I have a hard time following what you're doing because your attachments are too small for me to read and your second link takes me to a textbook section, not your attempt at a solution. I suggest you state the problem using LaTex so we can read it. As
@mfb states, the outdated concept of relativistic mass is used. Are you interested in solving the problem as stated or are you trying to understand it in a more general sense? If the former then I guess you're forced to use the outdated concept of relativistic mass because the author is using it.

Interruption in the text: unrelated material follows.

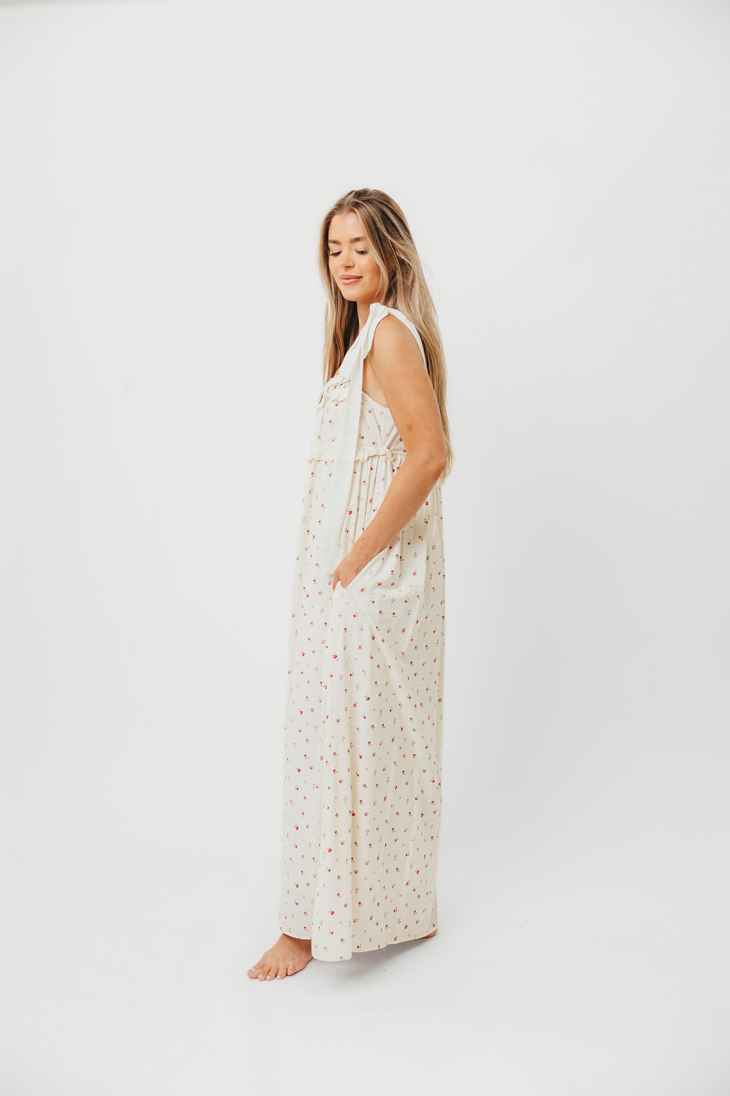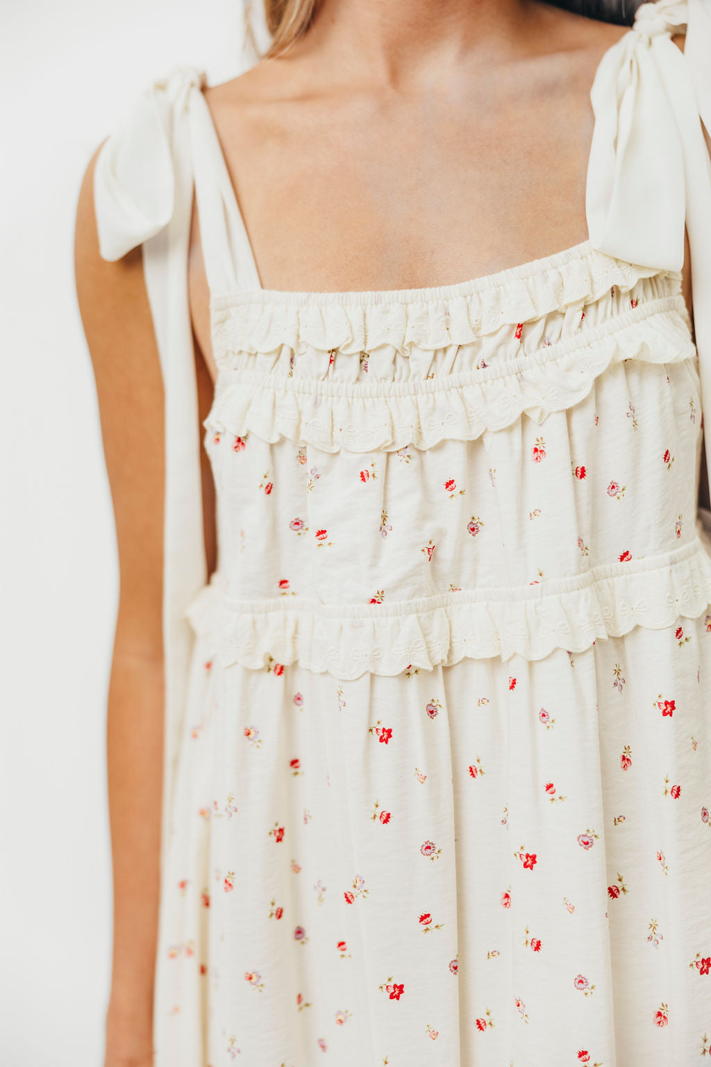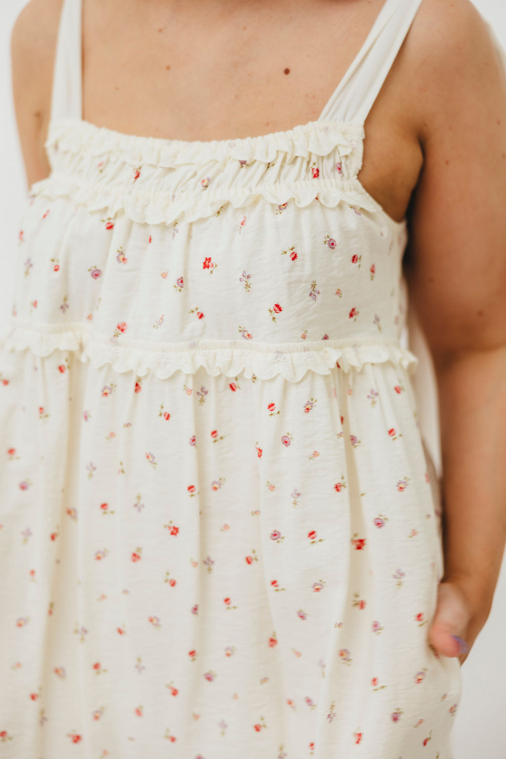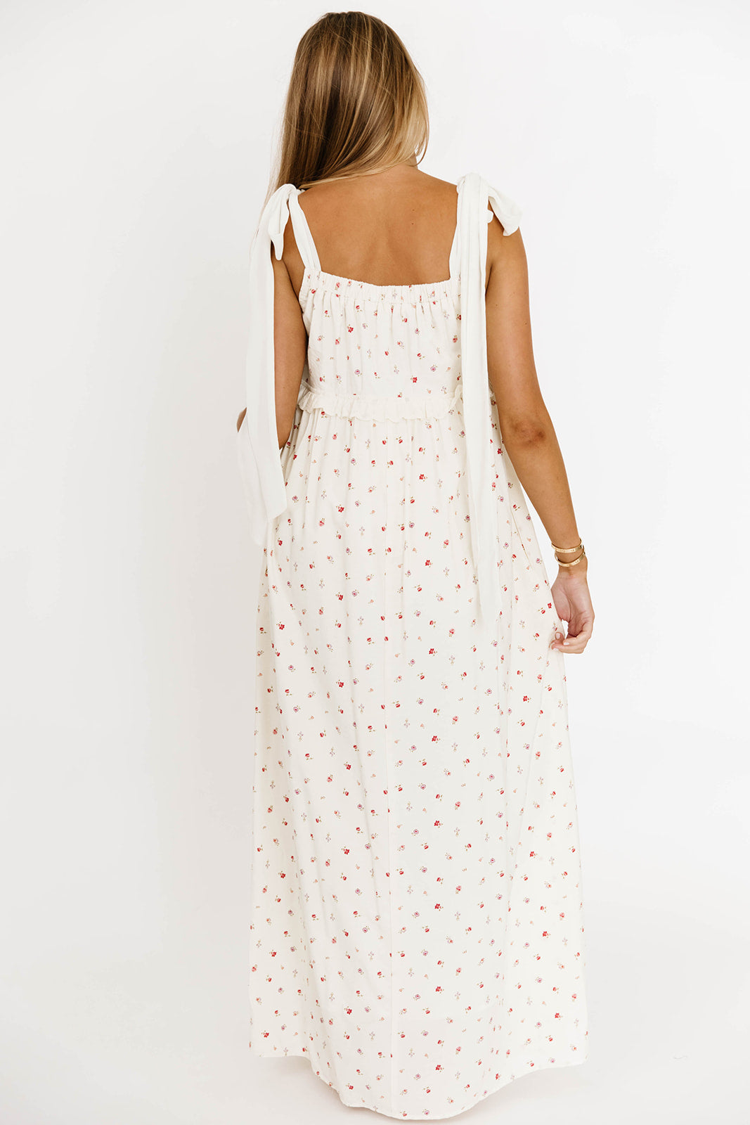 GARMENT DETAILS: Lightweight, feminine maxi dress in a dainty floral print. Features square neckline, adjustable self-tie shoulder straps, and relaxed fit with eyelet ruffle details. Finished with side pockets.

I will try to rewrite it here:
First this is the derivation that I found online:
Consider a body of mass m that moves at a speed v very close to the speed of light. A force F acts on it and, as a result, the energy E of the body increases. The speed of the body v cannot exceed c and, as the force continues to act, the speed v approaches c asymptotically. We have:
$$\frac{dE}{dt}=Fv=\frac{d(mv)}{dt}v=v^2\frac{dm}{dt}+mv\frac{dv}{dt}$$
In this last equation, t is the independent variable. So the equation tracks how energy E(t), mass m(t) and speed v(t) grown as a function of time t.

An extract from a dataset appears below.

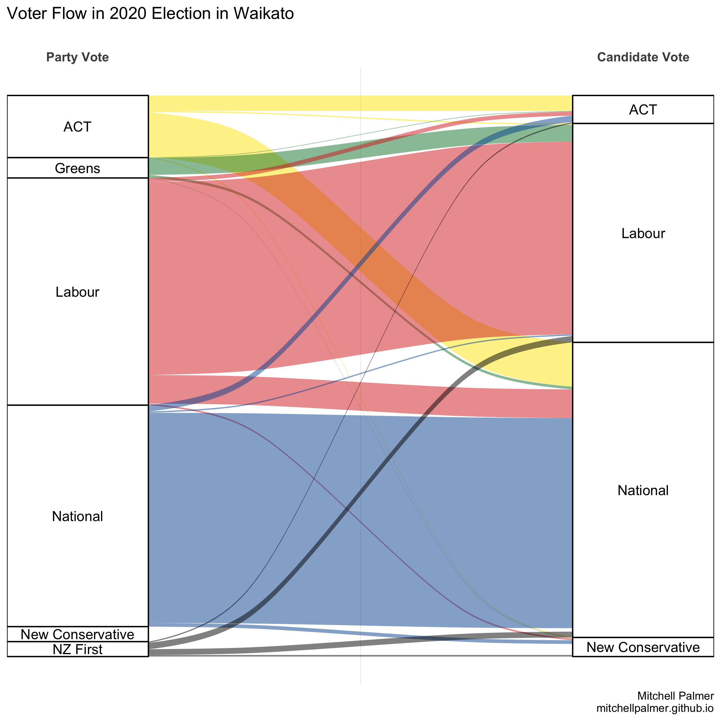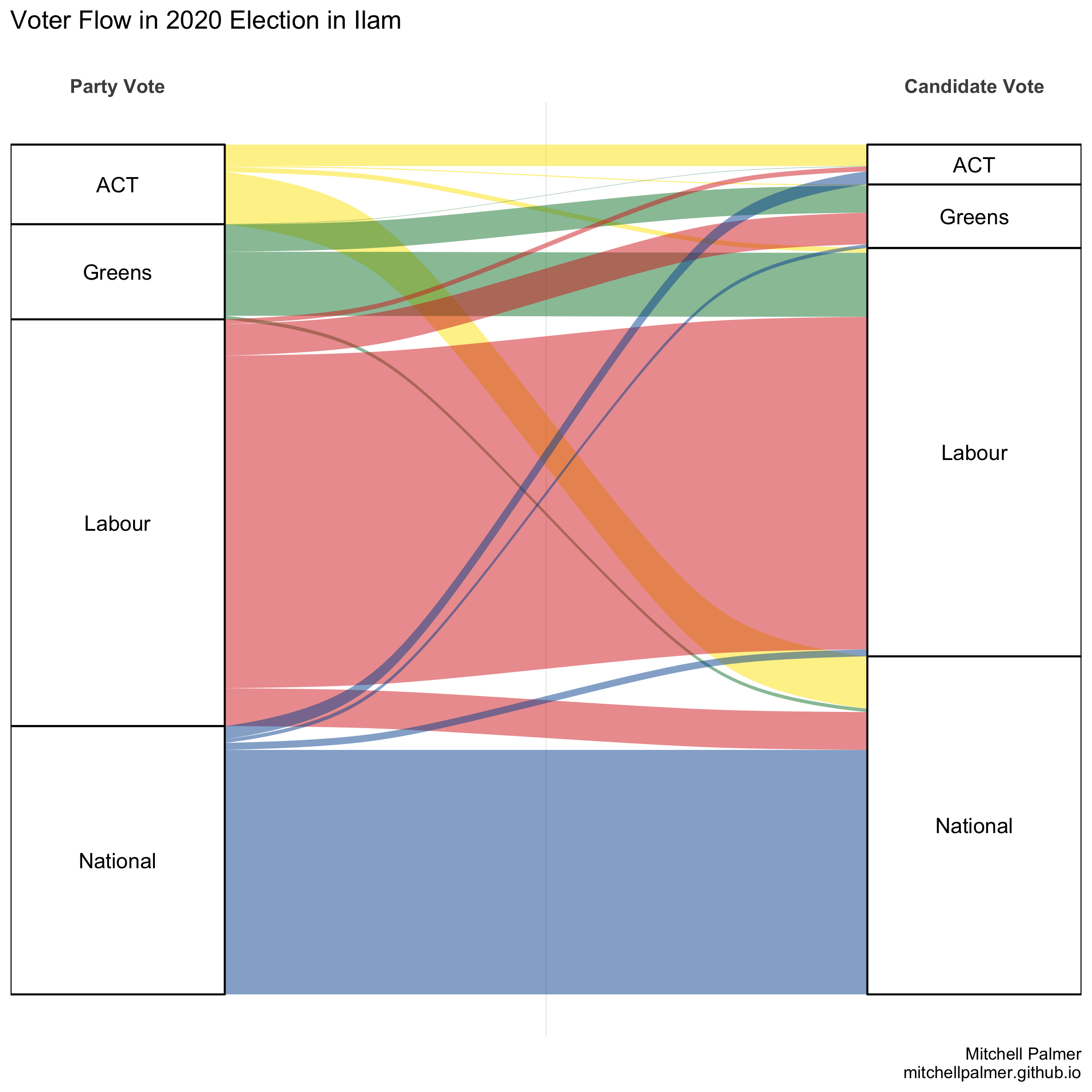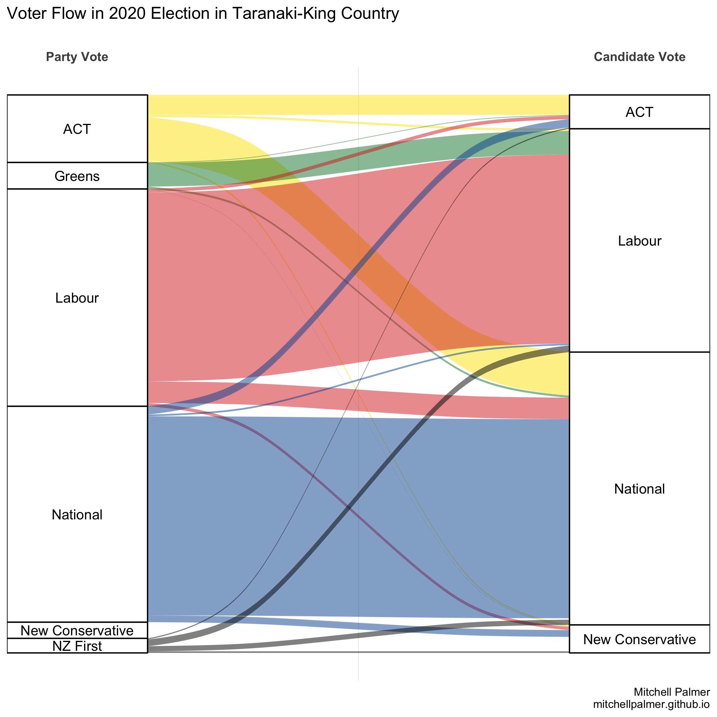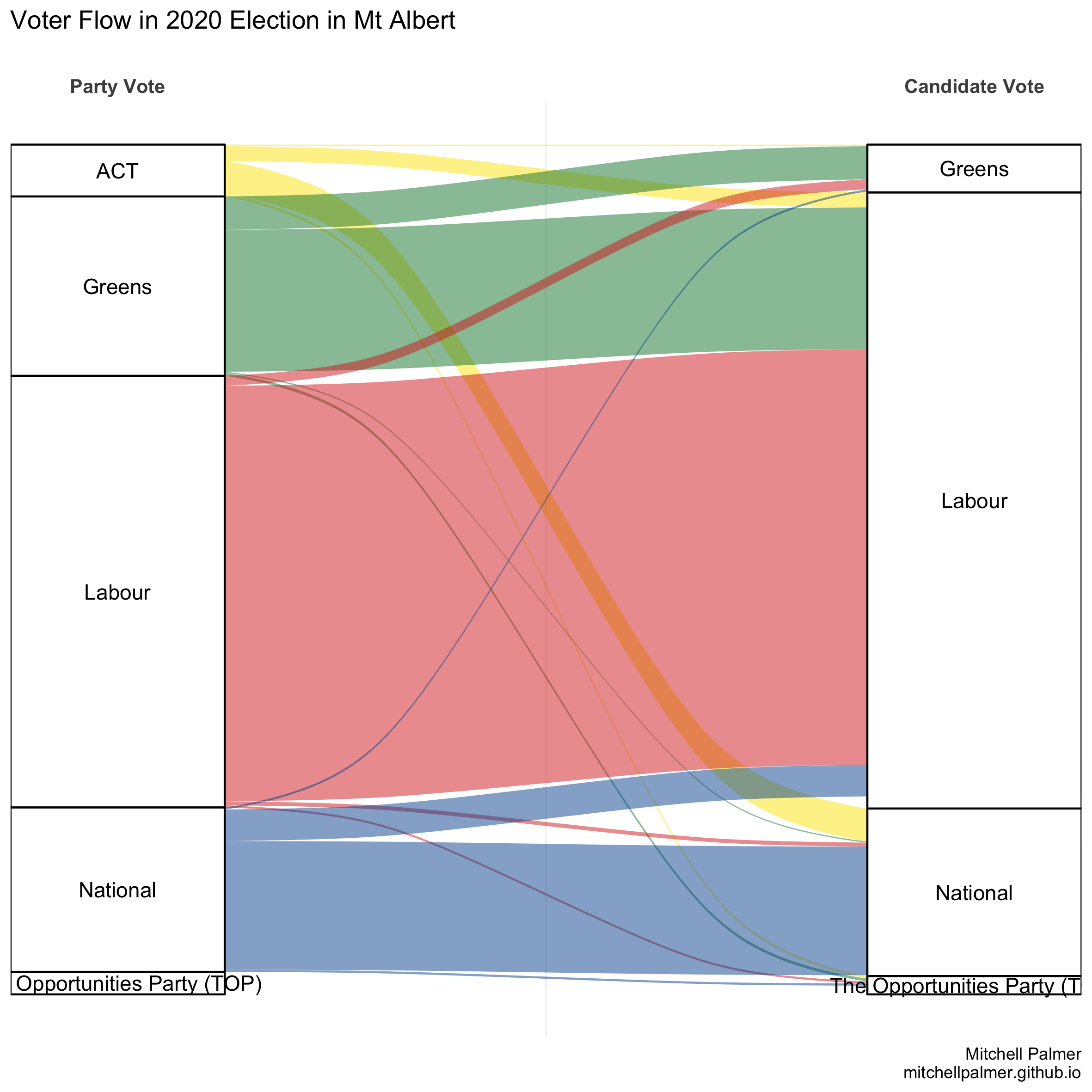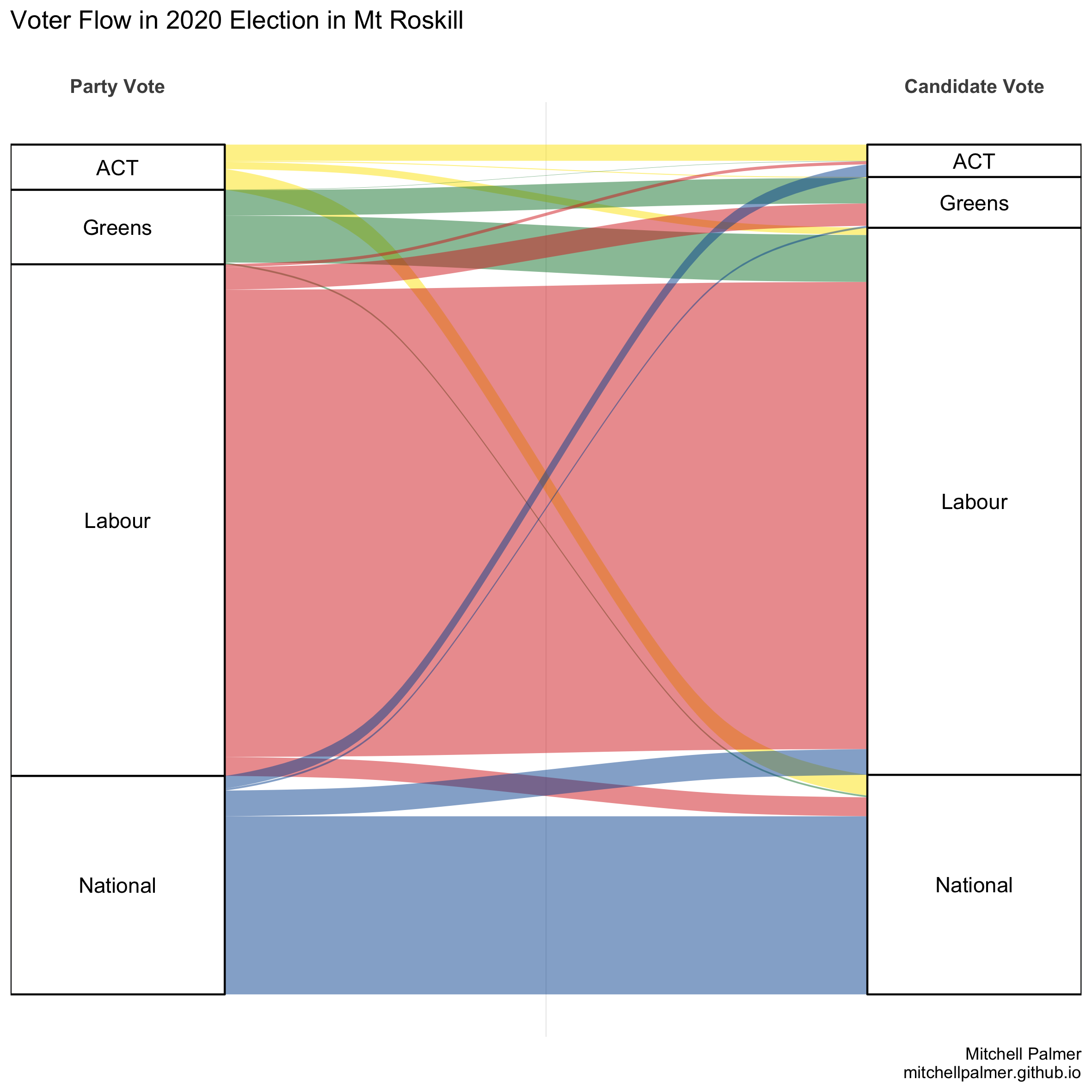 You can click on each electorate name to see a graph of that electorate’s voter flow. The only parties shown in each graph are the parties which recieved more than 1,000 party votes in that electorate.

Our concern, however, is to see how mass grows as we increase the energy of the body. To track that, we need to make energy E the independent variable; and to take time t(E), mass m(E) and speed v(E) all to be functions of E. Multiplying the last equation by
$$\frac{dt(E)}{dE}$$ and using the chain rule, we recover:
$$1=v^2 \frac{dm}{dt} \frac{dt}{dE}+mv\frac{dv}{dt}\frac{dt}{dE}=v^2 \frac{dm}{dE}+mv\frac{dv}{dE}$$
Rearranging:
$$\frac{dm}{dE}=\frac{1}{v^2}-\frac{m}{v}\frac{dv}{dE}, (a)$$
We now take the limit in which the energy E grows large. In that limit, v approaches c asymptotically and
$$\dfrac{dv}{dE}$$
approaches zero. In this limit we have:
$$\dfrac{dm}{dE}= \dfrac{1}{c^2}$$
My construct:
I start at (a)
$$\dfrac{dm}{dE}= \dfrac{1}{v^2}- \dfrac{m}{v}\dfrac{dv}{dE}$$
rearranging:
$$v^2dm+mvdv=dE $$
$$E=[m]_{m_a}^{m_b}v_a^2+\dfrac{1}{2}[v^2]_{v_a}^{v_b}=m_b v_a^2+\dfrac{1}{2}m_av_b^2-m_a\dfrac{3}{2}v_a^2$$
If $$m_b=10, m_a=9, v_b=3, v_a=2$$
$$m_b\dfrac{1}{2}v_b^2-m_a\dfrac{1}{2}v_a^2=27$$
$$m_b v_a^2+\dfrac{1}{2}m_av_b^2-m_a\dfrac{3}{2}v_a^2=26.5$$
So I can not get this energy construct that I have made. When I asked a phd on a homework site I got this answer:
https://www.scribd.com/document/352...ft500noi&source=impactradius&medium=affiliate
Can anyone help me explain my problem about getting 26.5 and 27 for the same mass and velocity changes. Or clarify why this answer from the homework site was proving it wrong or right?